According to the Government, this would constitute a significant opportunity for Elbaz – a foreign (Israeli – Ed.) national with almost no ties to this country and clear access to financial resources whom the magistrate judge correctly recognized is a flight risk—to flee or to take steps that would facilitate her eventual flight.

In addition, the Government notes that if the Defendant’s third-party custodian (Lee Elbaz’s aunt in San Francisco) is no longer able or willing to satisfy the responsibilities that she claimed to understand and undertook at the detention hearing, the appropriate course is for the Court to revoke the conditions permitting the defendant to be released pending trial. That is, the Court should remand Elbaz into the custody of the U.S. Marshals Service pending completion of the trial in approximately six months.

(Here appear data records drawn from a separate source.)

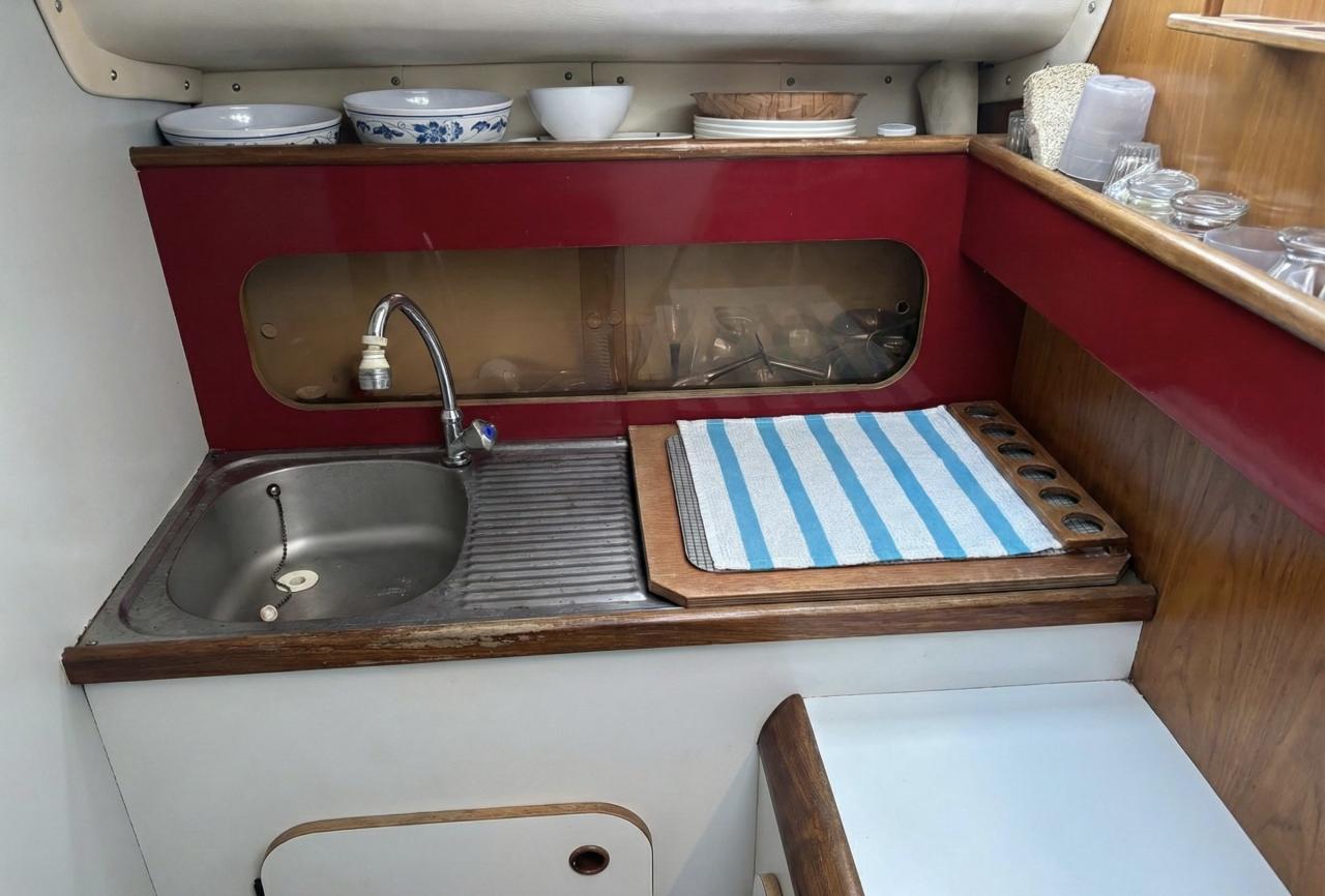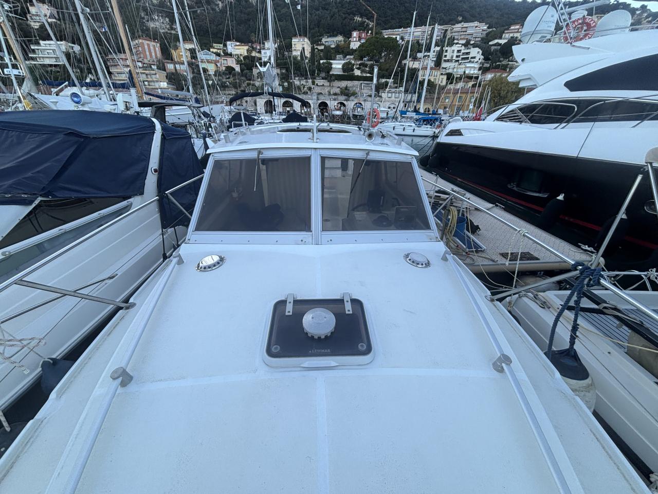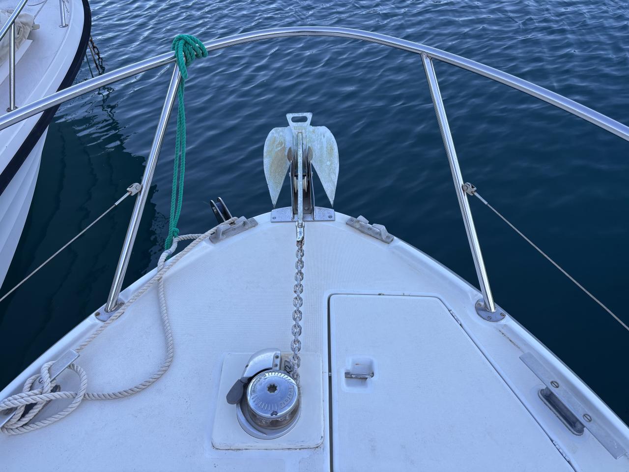 On board, you will find a comfortable cabin, an electric toilet, a cooker, a depth sounder, a bow thruster for easy maneuvering, and an electric windlass.
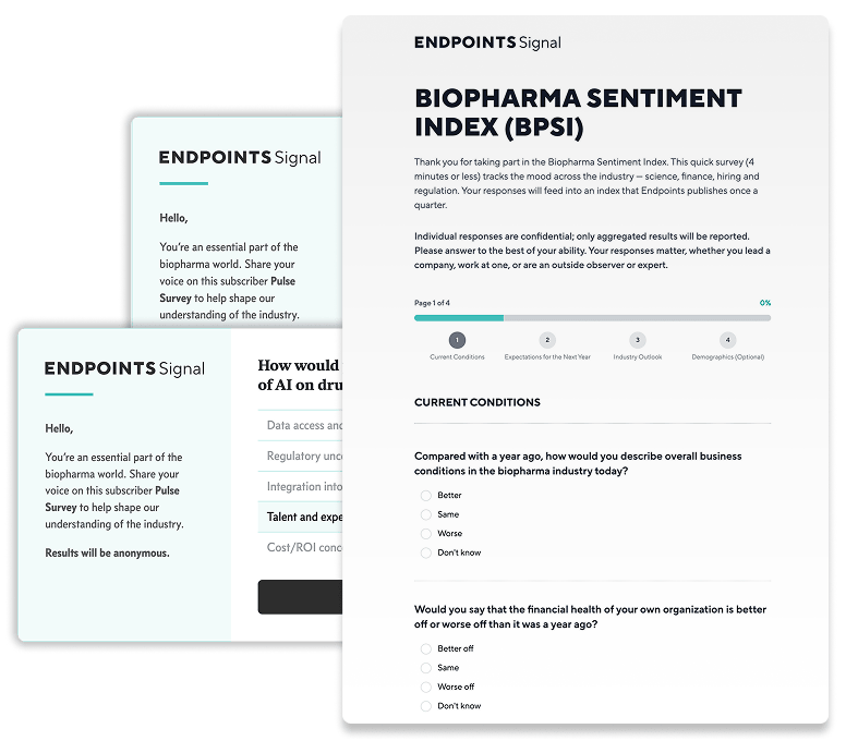 1,000+ qualified respondents per survey Long-form surveys used for quarterly and annual reports measuring the state of the industry and sentiment among leaders. Includes the Biopharma Sentiment Index (BPSI), the Innovation Index and E100.
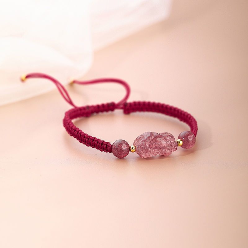 巴度天然水晶红绳手绳草莓晶貔貅手链女本命年手工编织手绳手饰
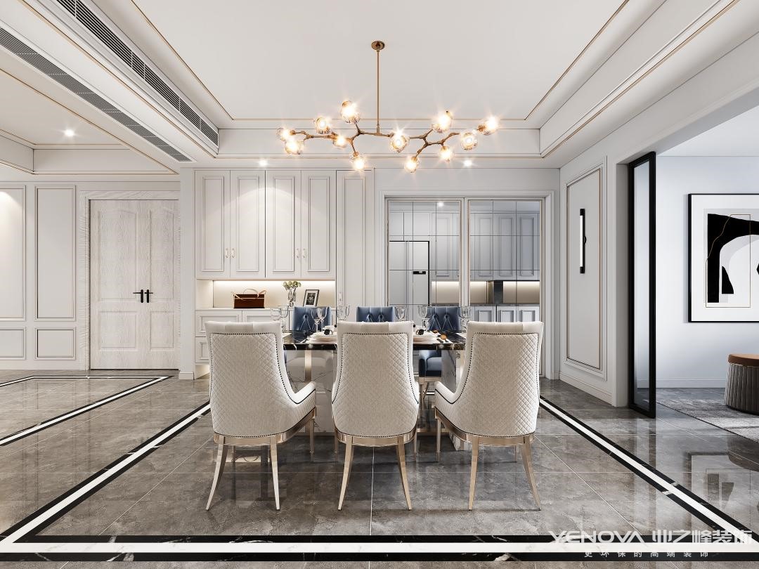 客厅以灰、白色为主调,奠定了客厅纯净优雅的格调。丝绒美式三人沙发与窗帘的材质,有响应的效果,低调内敛,却又流露出一种高贵优雅的气质。金色吊灯与落地灯有锦上添花的效果。阳光透过窗落在几何图形的地毯上,绿植摇摆着向太阳问好,室内与室外相互通联,内外归一,自成一景,让人沉醉于此,不见纷扰之色,只在意境当中。从餐厅看向客厅,整体格调一致。中厨功能完整,中厨做饭、炒菜、煲汤,洗水果、烧茶、榨果汁、豆浆、干粮储备柜......厨具的设计嵌于规则空间中,更显时尚精致。
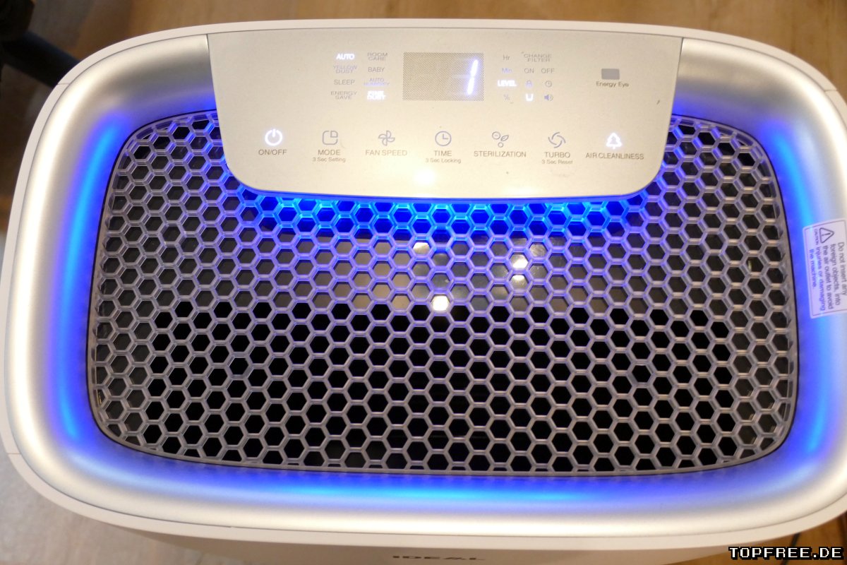 Komplett neu gibt es nur zwei Schritte vor dem Start: Die Folien der Filter müssen entfernt und diese wieder eingesetzt werden. Die Öffnung und somit auch ein Filterwechsel ist sehr einfach. Zudem verfügt der AP 35 H über praktische Rollen, die angebracht werden. Dann einfach den Netzstecker in die Steckdose stecken und auf dem Display (Folie vorher entfernen) auf ON/OFF drücken. Alles funktioniert über ein Touch-Display. Etwas kurios: Das Display ist hinter dem Luftschacht angebracht, somit zieht es immer (ins Gesicht), wenn man dieses bedient. Anders herum angebracht, wäre dies meiner Meinung nach sinnvoller gewesen.

Let’s recall that Lee Elbaz is accused of participating in a years-long, internet-based investment fraud – including as the Chief Executive Officer of a company called Yukom Communications- concerning the sale and marketing of “binary options.” That fraudulent scheme victimized United States residents, and others worldwide.

Elbaz’s detention hearing in the Maryland District Court took place on September 20, 2017, before Magistrate Judge Sullivan. At the time, the Pretrial Services Office in the District recommended that she be detained pending trial, the Government agreed, and the Defendant argued—at length and ultimately successfully—that she should be released into her aunt’s custody in San Francisco. Magistrate Judge Sullivan made clear that his decision to release Elbaz was a difficult one because he viewed her, a foreign national with limited ties to the United States, as a significant flight risk.

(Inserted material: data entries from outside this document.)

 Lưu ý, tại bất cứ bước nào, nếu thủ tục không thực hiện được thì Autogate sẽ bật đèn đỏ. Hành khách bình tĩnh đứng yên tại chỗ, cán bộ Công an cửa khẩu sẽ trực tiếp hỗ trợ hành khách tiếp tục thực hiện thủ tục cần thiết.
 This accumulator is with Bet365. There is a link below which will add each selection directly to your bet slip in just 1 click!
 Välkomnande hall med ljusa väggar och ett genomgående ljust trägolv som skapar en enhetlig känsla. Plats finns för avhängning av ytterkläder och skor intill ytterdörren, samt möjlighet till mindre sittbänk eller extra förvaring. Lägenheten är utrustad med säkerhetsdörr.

Magistrate Judge Sullivan explained his intention explicitly: ”My intention is this. It is very simple. I am moving a jail cell from the District of Maryland to [] 1633 Burrows Street, and she will be locked down in that residence 24/7, not allowed to go outside, not allowed to sit on the stoop, not allowed to take the trash out, not allowed to go have a cigarette outside or whatever”.

The latest motion by the defendant characterizes her aunt’s home as “a cramped apartment where all phone conversations with defense counsel can be overheard”, but that is not what the defendant told Magistrate Judge Sullivan. Elbaz’s counsel told Magistrate Judge Sullivan that the property was a “three-bedroom house” “worth $1.2 million” with an “extra room” for the defendant.

Furthermore, Elbaz now claims that there is a “lack of stability of [the] internet connection” at her aunt’s home, but at the detention hearing, when arguing in favor of her being permitted access to the Internet at all, Elbaz’s attorney was concerned that Internet would be restricted in full at her aunt’s home. He told Magistrate Judge Sullivan that the defendant’s aunt “has a tech start-up company. She can’t not have Internet in that house.”

Elbaz faces a prison sentence and a heavy fine if she is found guilty of fraud. The criminal case against her is captioned USA v. Elbaz (8:18-cr-00157).